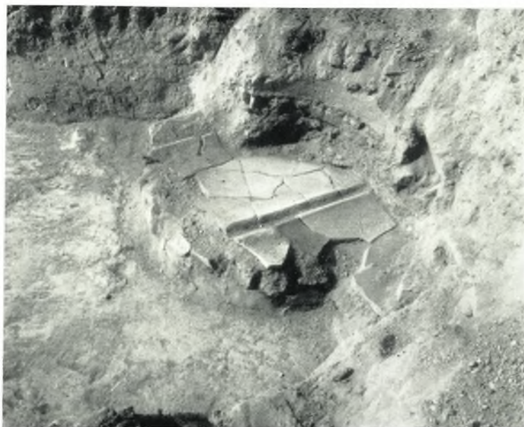
β. Ἡ ἐστία.
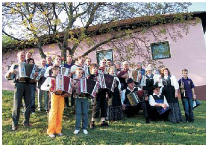
Zbrani harmonikarji

V mesecu aprilu je v Radovcih bilo organizirano in izvedeno že 19. tradicionalno srečanje harmonikarjev. Na omenjenem srečanju so znanje v igranju harmo-
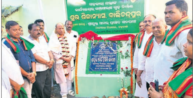
ବିଧାୟକ ନୂତନ ଗୃହର ଶିଳାନ୍ୟାସ କରୁଛନ୍ତି ।

ବଡ଼ବଟା ବ୍ଲକ ଅନ୍ତର୍ଗତ ବାଲିଚନ୍ଦ୍ରପୁରଠାରେ ପୂର୍ବ ବିଭାଗ ସହକାରୀ ଯନ୍ତ୍ରୀଙ୍କ କାର୍ଯ୍ୟାଳୟ ନୂତନ ସମ୍ପ୍ରସାରିତ ଗୃହର ଶିଳାନ୍ୟାସ ଉତ୍ସବ ଅନୁଷ୍ଠିତ ହୋଇଯାଇଛି ।
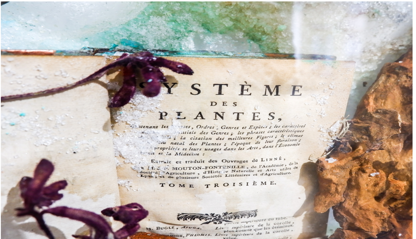
Bloom series, exposition Diet & Psychology , 2018. Courtesy of the artist ©Bianca Bondi ADAGP.
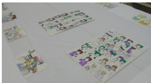
アニメコミック部
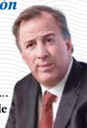
José Antonio Meade HACIENDA

“La negociación del TLC está en manos de mexicanos talentosos”
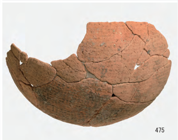
A 3区 竪穴建物S200 (451・452・456), S1 (469~471), S5 (474・475)
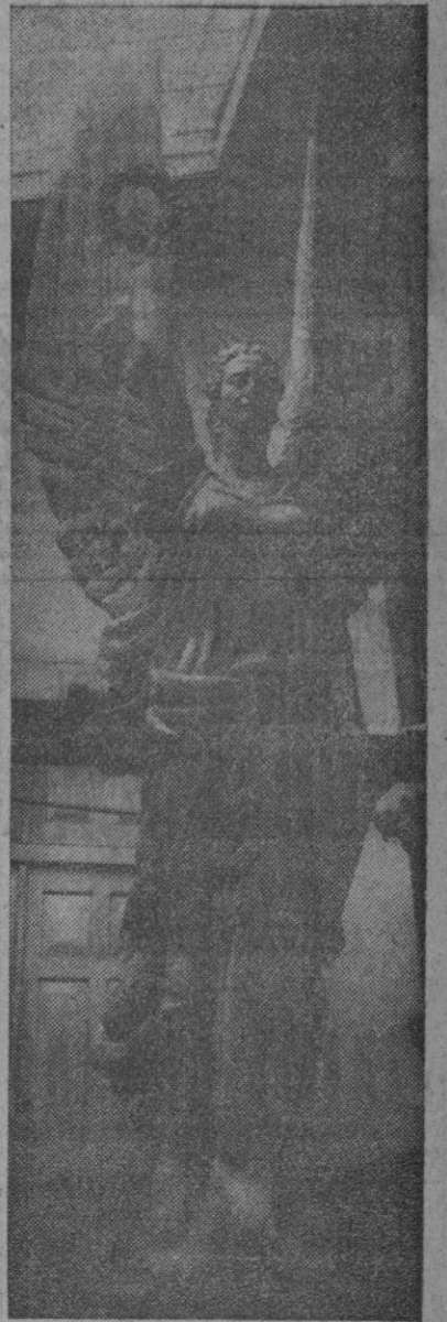
En quinta plana publicamos un reportaje sobre el monumento a los ferrolanos muertos en la guerra de Africa. En la foto puede apreciarse la hermosa figura de la Victoria, modelada por Asorey en su estudio para ser fundida en bronce.
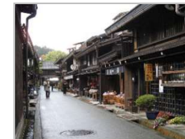
古民家等を活用した滞在施設の整備
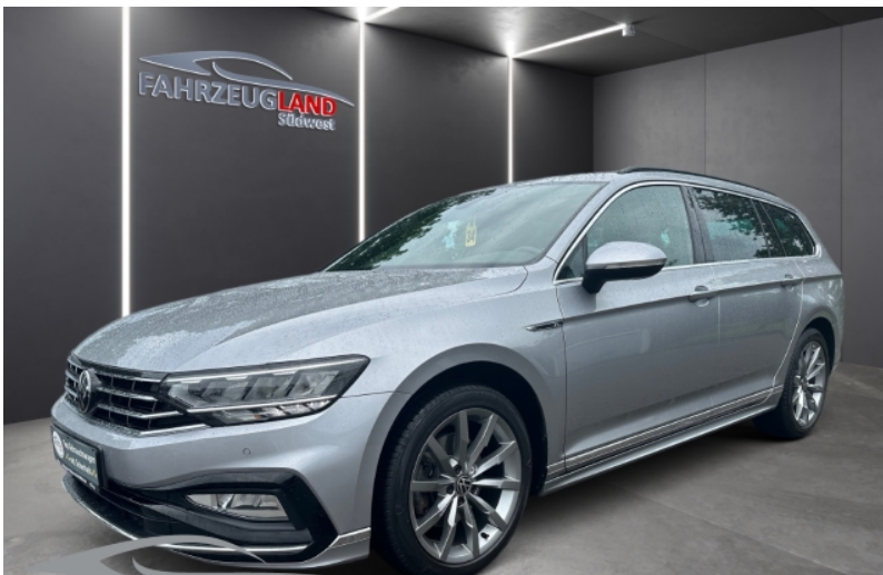
FAHRZEUGLAND Südwest www.fahrzeugland.com Tel.: 07631 - 974740
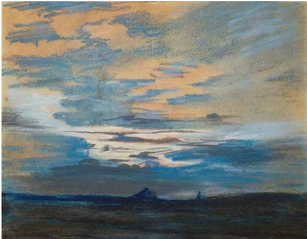
ეჟენ დელაკრუა, „მზის ჩასვლა“, 1850 წ.

დელაკრუას მხატვრობა ყველა ჟანრს მოიცავს. განსაკუთრებით მძაფრია ბუნების ამსახველი სურათები, რომლებშიც რომანტიკოსის მგზნებარე, შეუპოვარი, მებრძოლი სულისკვეთება ჩანს.
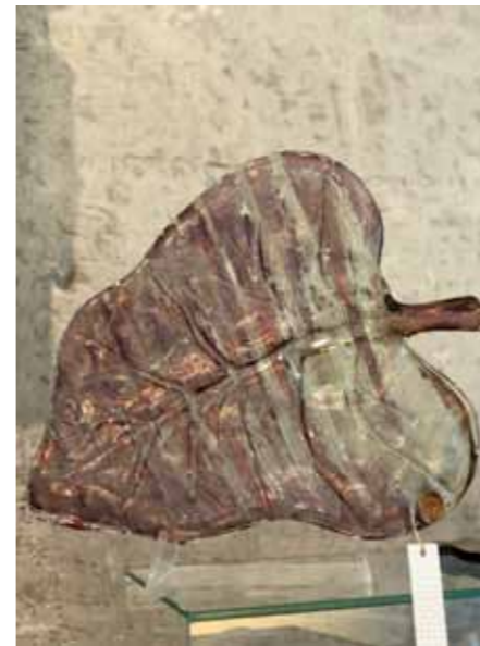
| Гордана Гласс
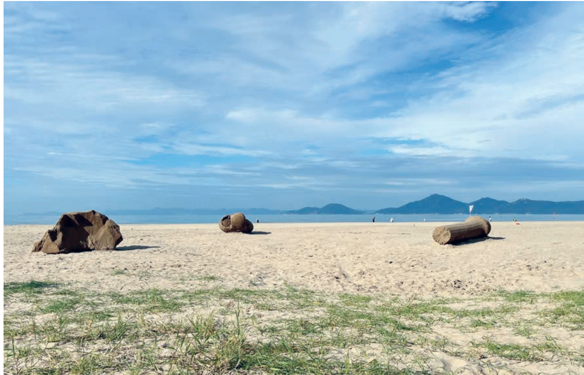
Les grains de sable: Jeewi Lee and Philip C. Reiner, Fragments: Tidal Memories , image: Busan Biennial Organisation

À Chêne-Bougeries et à Thônex, des œuvres seront installées le long de cet itinéraire. Le parcours intégrera également des panneaux consacrés à la biodiversité et proposera de nouveaux dispositifs de médiation dédiés aux ressources naturelles et aux mutations urbaines. Les communes deviennent ainsi des étapes d'un
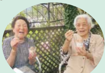
美味いアイスだね

海へのドライブ＆岩室でアイス！きれいな海に美味しいアイスで皆様とても喜ばれていました！
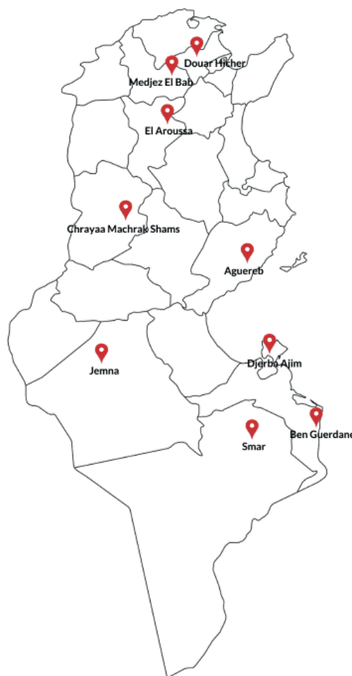
Figure 1 : Localisation des neuf communes partenaires sur la carte de la Tunisie

D'autres entités à l'échelle locale et régionale, concernées par la question de la jeunesse, sont touchées par l'intervention du projet Fe3il.a telles que, les directions et les commissariats régionaux chargés de la jeunesse et des sports, de la formation professionnelle et de l'emploi, de la culture, de la santé, des affaires sociales... et des différentes structures locales telles que les maisons de jeunes, les maisons de culture, les centres d'accueil et de tourisme des jeunes, les centres de médecine scolaire et universitaire, les centres de défense et d'intégration sociale.
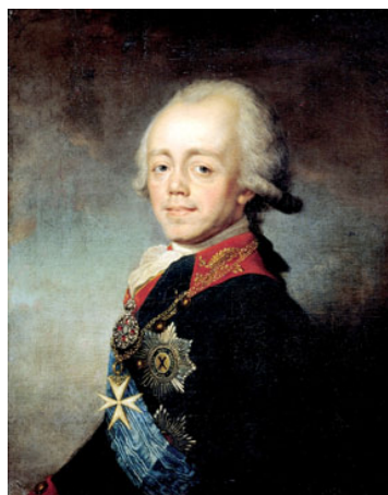
Павел I 1796 г.
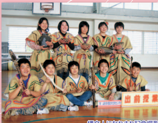
縄文人になりきり記念撮影
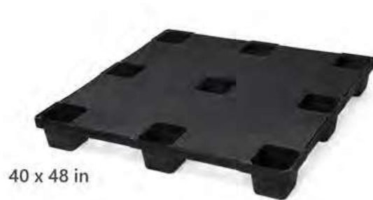
Modelo EXP-1010 Cerrada

Aprobada por Normas Aduaneras Internacionales
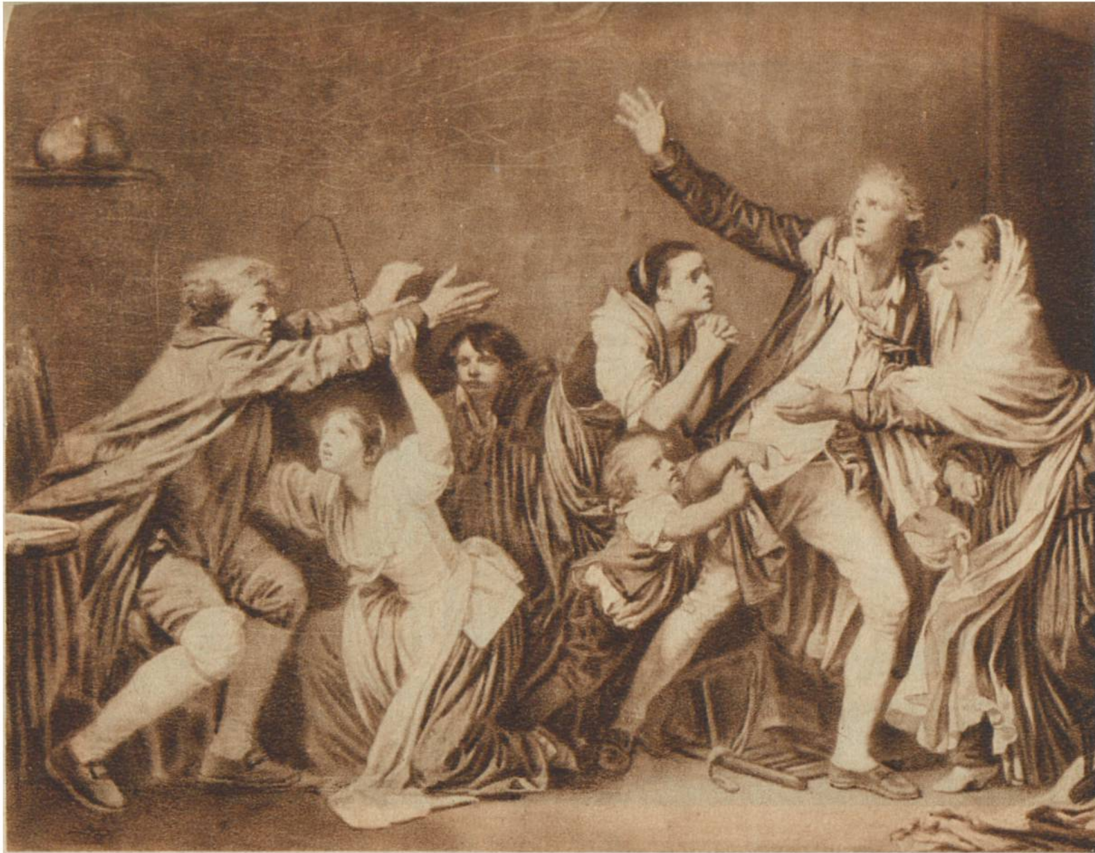
Des Vaters Fluch, von Jean Baptiste Greuze, Paris. 1725-1805. Louvre, Paris.
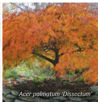
Acer palmatum 'Dissectum'
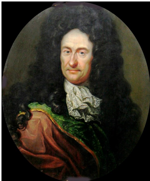
Готфрид Вильгельм Лейбниц

дискуссиях фактически были заложены основы реляционной концепции (парадигмы) в естествознании, для принятия которой в физике тогда еще не созрели необходимые условия.
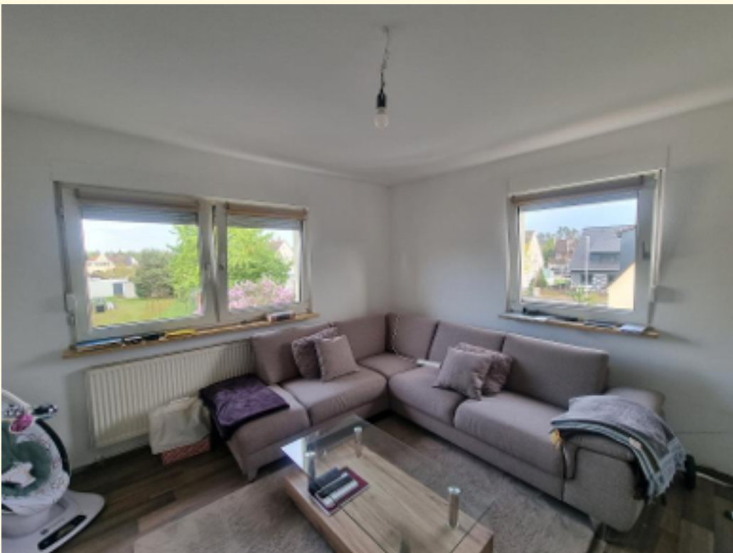
21 - Wohnzimmer OG
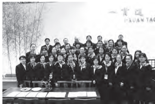
▲ 服務接待人員展現高優質形象。

均能表現出白陽弟子的修辦精神，以彰顯一貫道的高優質形象。服務人員佩帶的男用（乾道）領帶及女用（坤道）絲巾，穩重大方且活潑亮麗，帶給民眾相當好感，特別感謝安東道場前賢慈悲製作、提供。天恩師德加被，經過各單位共同努力，終於圓滿完成，服務道親參與感受，有這麼好的了愿機會、與各組線道親文化交流，又可一次見到諸多不同的道場出版作品、影音資料，感受法喜充滿。
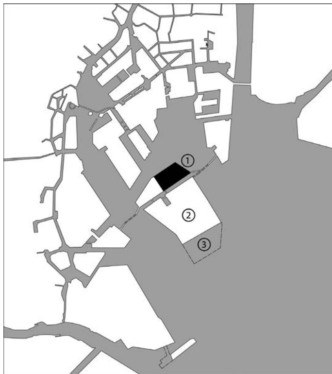
Rys. 1. Zatoka Tokijska z ukazaniem sztucznie tworzonych wysp. Zaznaczony teren to Sea Forest Island – (1) powstały z wysypiska odpadów Inner Central Breakwater; (2) – aktualnie użytkowane wysypisko New Sea Surface Deposit; (3) – kolejne planowane rozszerzenie terenów wysypiskowych. Opracowanie własne według [4]

Szacuje się, że obecnie około 0,5% powierzchni Japonii to ląd uzyskany przez zasypywanie akwenów wodnych [5]. Wydaje się to mało w ujęciu procentowym, jednak oznacza, że w odniesieniu do całkowitej powierzchni kraju pozyskano obszar 17 tys. km 2 . Dla porównania powierzchnia Słowenii zajmuje około 20 tys. km 2 . Pierwsze operacje związane z pozyskiwaniem dodatkowej powierzchni lądów z terenów wodnych przeprowadzano w Japonii już w XII wieku. Zasadniczy wzrost aktywności w tym zakresie nastąpił po drugiej wojnie światowej, a współcześnie są budowane w ten sposób między innymi spektakularne lotniska. W Zatoce Tokijskiej przykładem takich działań są również świadomie tworzone od dziesięcioleci wysypiska odpadów, które mają w przyszłości pełnić rolę nowych części miasta (rys. 1). Składowiska te są budowane z wykorzystaniem offshorowych technologii inżynierskich opracowanych na potrzeby budowy zabezpieczeń brzegowych.
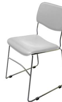
Silla Dálmata blanca

Descripción: Apilable. Estructura de varilla de acero cromado. Asiento en polipiel blanca.
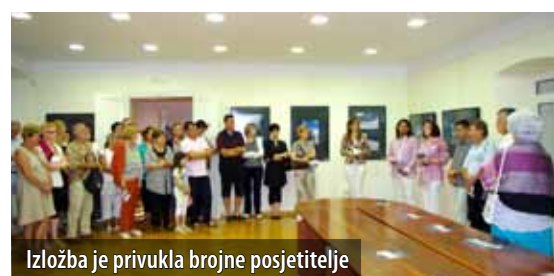
Izložba je privukla brojne posjetitelje

Profesor Theodor de Canziani izložene je fotografije nazvao svjedočanstvima nemjerljive prirodne ljepote. Ne skriva-
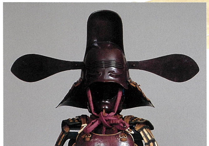
山口県指定文化財 唐冠形兜 山口・毛利博物館蔵 ※展示は兜のみ
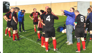
Halvleg hos Superveteranerne

Efterårsturneringen i JBU's oldboysrækkerne har en lidt "broget" puljesammensætning, som for NB's 3 turneringshold betyder, at man spiller i puljer med 4, 7 og 9 hold!
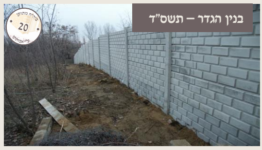
בנין הגדר - תשס"ד
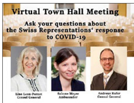
Die Technik macht's möglich: Ottawa, Montreal und Vancouver waren am «Townhall-Meeting» gleichzeitig präsent.

Die Corona-Pandemie hat unsere Bewegungsfreiheit stark eingeschränkt. Sie hat aber unseren Horizont auch erweitert. So bietet es sich angesichts der globalen Dimension der Krise an, bei der Suche nach guten Ideen für die konsularische Arbeit über den eigenen Tellerrand hinauszublicken. Zur Nachahmung inspiriert haben uns in Kanada
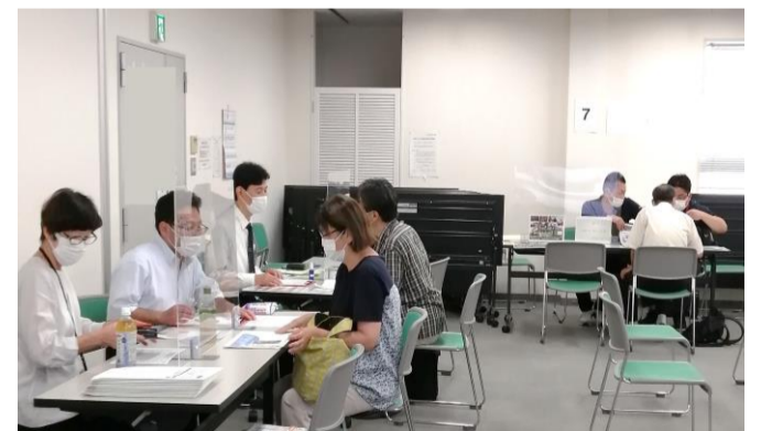
採用担当者との個別相談

### Task statement:
Your answer must be an exact copy of every entry, with the pictures left out.

### Result:
β. Ἡ ἐστία.
Zbrani harmonikarji

V mesecu aprilu je v Radovcih bilo organizirano in izvedeno že 19. tradicionalno srečanje harmonikarjev. Na omenjenem srečanju so znanje v igranju harmo-
ବିଧାୟକ ନୂତନ ଗୃହର ଶିଳାନ୍ୟାସ କରୁଛନ୍ତି ।

ବଡ଼ବଟା ବ୍ଲକ ଅନ୍ତର୍ଗତ ବାଲିଚନ୍ଦ୍ରପୁରଠାରେ ପୂର୍ବ ବିଭାଗ ସହକାରୀ ଯନ୍ତ୍ରୀଙ୍କ କାର୍ଯ୍ୟାଳୟ ନୂତନ ସମ୍ପ୍ରସାରିତ ଗୃହର ଶିଳାନ୍ୟାସ ଉତ୍ସବ ଅନୁଷ୍ଠିତ ହୋଇଯାଇଛି ।
Bloom series, exposition Diet & Psychology , 2018. Courtesy of the artist ©Bianca Bondi ADAGP.
アニメコミック部
José Antonio Meade HACIENDA

“La negociación del TLC está en manos de mexicanos talentosos”
A 3区 竪穴建物S200 (451・452・456), S1 (469~471), S5 (474・475)
En quinta plana publicamos un reportaje sobre el monumento a los ferrolanos muertos en la guerra de Africa. En la foto puede apreciarse la hermosa figura de la Victoria, modelada por Asorey en su estudio para ser fundida en bronce.
古民家等を活用した滞在施設の整備
FAHRZEUGLAND Südwest www.fahrzeugland.com Tel.: 07631 - 974740
ეჟენ დელაკრუა, „მზის ჩასვლა“, 1850 წ.

დელაკრუას მხატვრობა ყველა ჟანრს მოიცავს. განსაკუთრებით მძაფრია ბუნების ამსახველი სურათები, რომლებშიც რომანტიკოსის მგზნებარე, შეუპოვარი, მებრძოლი სულისკვეთება ჩანს.
| Гордана Гласс
Les grains de sable: Jeewi Lee and Philip C. Reiner, Fragments: Tidal Memories , image: Busan Biennial Organisation

À Chêne-Bougeries et à Thônex, des œuvres seront installées le long de cet itinéraire. Le parcours intégrera également des panneaux consacrés à la biodiversité et proposera de nouveaux dispositifs de médiation dédiés aux ressources naturelles et aux mutations urbaines. Les communes deviennent ainsi des étapes d'un
美味いアイスだね

海へのドライブ＆岩室でアイス！きれいな海に美味しいアイスで皆様とても喜ばれていました！
Figure 1 : Localisation des neuf communes partenaires sur la carte de la Tunisie

D'autres entités à l'échelle locale et régionale, concernées par la question de la jeunesse, sont touchées par l'intervention du projet Fe3il.a telles que, les directions et les commissariats régionaux chargés de la jeunesse et des sports, de la formation professionnelle et de l'emploi, de la culture, de la santé, des affaires sociales... et des différentes structures locales telles que les maisons de jeunes, les maisons de culture, les centres d'accueil et de tourisme des jeunes, les centres de médecine scolaire et universitaire, les centres de défense et d'intégration sociale.
Павел I 1796 г.
縄文人になりきり記念撮影
Modelo EXP-1010 Cerrada

Aprobada por Normas Aduaneras Internacionales
Des Vaters Fluch, von Jean Baptiste Greuze, Paris. 1725-1805. Louvre, Paris.
Acer palmatum 'Dissectum'
Готфрид Вильгельм Лейбниц

дискуссиях фактически были заложены основы реляционной концепции (парадигмы) в естествознании, для принятия которой в физике тогда еще не созрели необходимые условия.
21 - Wohnzimmer OG
▲ 服務接待人員展現高優質形象。

均能表現出白陽弟子的修辦精神，以彰顯一貫道的高優質形象。服務人員佩帶的男用（乾道）領帶及女用（坤道）絲巾，穩重大方且活潑亮麗，帶給民眾相當好感，特別感謝安東道場前賢慈悲製作、提供。天恩師德加被，經過各單位共同努力，終於圓滿完成，服務道親參與感受，有這麼好的了愿機會、與各組線道親文化交流，又可一次見到諸多不同的道場出版作品、影音資料，感受法喜充滿。
Rys. 1. Zatoka Tokijska z ukazaniem sztucznie tworzonych wysp. Zaznaczony teren to Sea Forest Island – (1) powstały z wysypiska odpadów Inner Central Breakwater; (2) – aktualnie użytkowane wysypisko New Sea Surface Deposit; (3) – kolejne planowane rozszerzenie terenów wysypiskowych. Opracowanie własne według [4]

Szacuje się, że obecnie około 0,5% powierzchni Japonii to ląd uzyskany przez zasypywanie akwenów wodnych [5]. Wydaje się to mało w ujęciu procentowym, jednak oznacza, że w odniesieniu do całkowitej powierzchni kraju pozyskano obszar 17 tys. km 2 . Dla porównania powierzchnia Słowenii zajmuje około 20 tys. km 2 . Pierwsze operacje związane z pozyskiwaniem dodatkowej powierzchni lądów z terenów wodnych przeprowadzano w Japonii już w XII wieku. Zasadniczy wzrost aktywności w tym zakresie nastąpił po drugiej wojnie światowej, a współcześnie są budowane w ten sposób między innymi spektakularne lotniska. W Zatoce Tokijskiej przykładem takich działań są również świadomie tworzone od dziesięcioleci wysypiska odpadów, które mają w przyszłości pełnić rolę nowych części miasta (rys. 1). Składowiska te są budowane z wykorzystaniem offshorowych technologii inżynierskich opracowanych na potrzeby budowy zabezpieczeń brzegowych.
Silla Dálmata blanca

Descripción: Apilable. Estructura de varilla de acero cromado. Asiento en polipiel blanca.
Izložba je privukla brojne posjetitelje

Profesor Theodor de Canziani izložene je fotografije nazvao svjedočanstvima nemjerljive prirodne ljepote. Ne skriva-
山口県指定文化財 唐冠形兜 山口・毛利博物館蔵 ※展示は兜のみ
Halvleg hos Superveteranerne

Efterårsturneringen i JBU's oldboysrækkerne har en lidt "broget" puljesammensætning, som for NB's 3 turneringshold betyder, at man spiller i puljer med 4, 7 og 9 hold!
בנין הגדר - תשס"ד
Die Technik macht's möglich: Ottawa, Montreal und Vancouver waren am «Townhall-Meeting» gleichzeitig präsent.

Die Corona-Pandemie hat unsere Bewegungsfreiheit stark eingeschränkt. Sie hat aber unseren Horizont auch erweitert. So bietet es sich angesichts der globalen Dimension der Krise an, bei der Suche nach guten Ideen für die konsularische Arbeit über den eigenen Tellerrand hinauszublicken. Zur Nachahmung inspiriert haben uns in Kanada
採用担当者との個別相談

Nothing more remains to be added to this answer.